As we wrote then, companies were destroying the trust of their employees, something that would eventually come back to haunt them. We quoted an article by Business Insider’s Sawdah Bhaimiya.

“Every time I see a notice in the news that such and such technology company has cut X percentage of their workforce, I don’t forget that,” Danny Allen, chief technology officer at software firm Veeam, told Bhaimiya at the time. “So you’re sending a message that also has a brand impact that you don’t necessarily want to be associated with.

“Employees remember and people looking for jobs remember how organizations acted during the economic downturn.”

Allen went on to explain exactly how the layoffs would hurt companies, with the second way being the most important in this context.

“One is simply the loss of innovation, cutting resources,” said Allen. “You’re cutting your investment in future technology, that’s number one. Number two, when you cut 10% of your workforce, you’re sending the message to your employees that we care more about money than we do about you.

“And employees have a long memory, so if you’re cutting people that uncertainty is very disconcerting.”

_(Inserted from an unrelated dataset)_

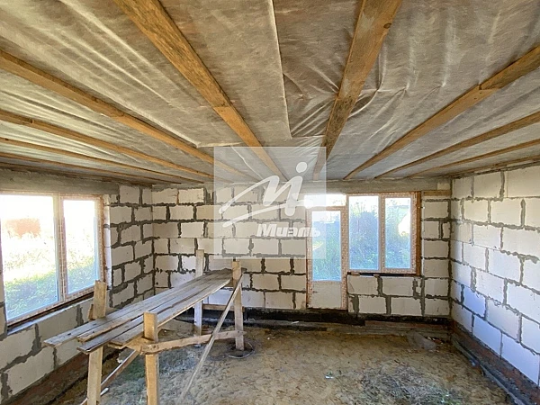 Дом без внутренней отделки. Фундамент: ленточный. Дом построен из пеноблоков. Крыша: металлочерепица. Окна: пластиковые стеклопакеты.

Amazon is a good example of exactly the phenomenon Allen described, with many of those reluctant to return to the office citing a lack of trust in the company’s leadership, a lack of trust exacerbated by broken promises about the future of remote work.

“I was not complying,” an employee named Ben said about the company’s previous three-day-a-week mandate, citing the three-hour commute he faced as the reason.

“I decided not to make life choices as Amazon can fire me at will anyway, and I do not want to make long-term life changes because some manager decided I should start going to the office when I was hired virtual and promised I could work from wherever I want,” he added.

That last part of Ben’s statement is critical, as doesn’t trust any sacrifice made for his job will pay off over the long haul. His sentiments were echoed by others.

“My months of struggling to make three days a week are over, and I know that my time at Amazon has to end,” an employee named Laura said after the five-day mandate.

“Honestly, I’ve lost so much trust in Amazon leadership at this point,” she adds. “I’ve been updating my resume and portfolio, and rage applying to new jobs on LinkedIn.”

As Ben and Laura’s statements illustrate, Amazon’s leadership has lost the trust of its employees, first with mass layoffs that underscored the transience of jobs in the tech industry. Trust was further eroded by promising that some roles would remain remote or hybrid, only to then renege on those promises and demand employees return to the office, even requiring them to relocate if necessary to comply.

Compliance Will Continue to Be a Problem

As long as companies continue to ignore the data—which shows that remote/hybrid employees work harder and are more productive—companies will continue to struggle with efforts to force compliance with RTO mandates. Companies that do enforce them will reap the results, losing top employees and struggling to attract new talent.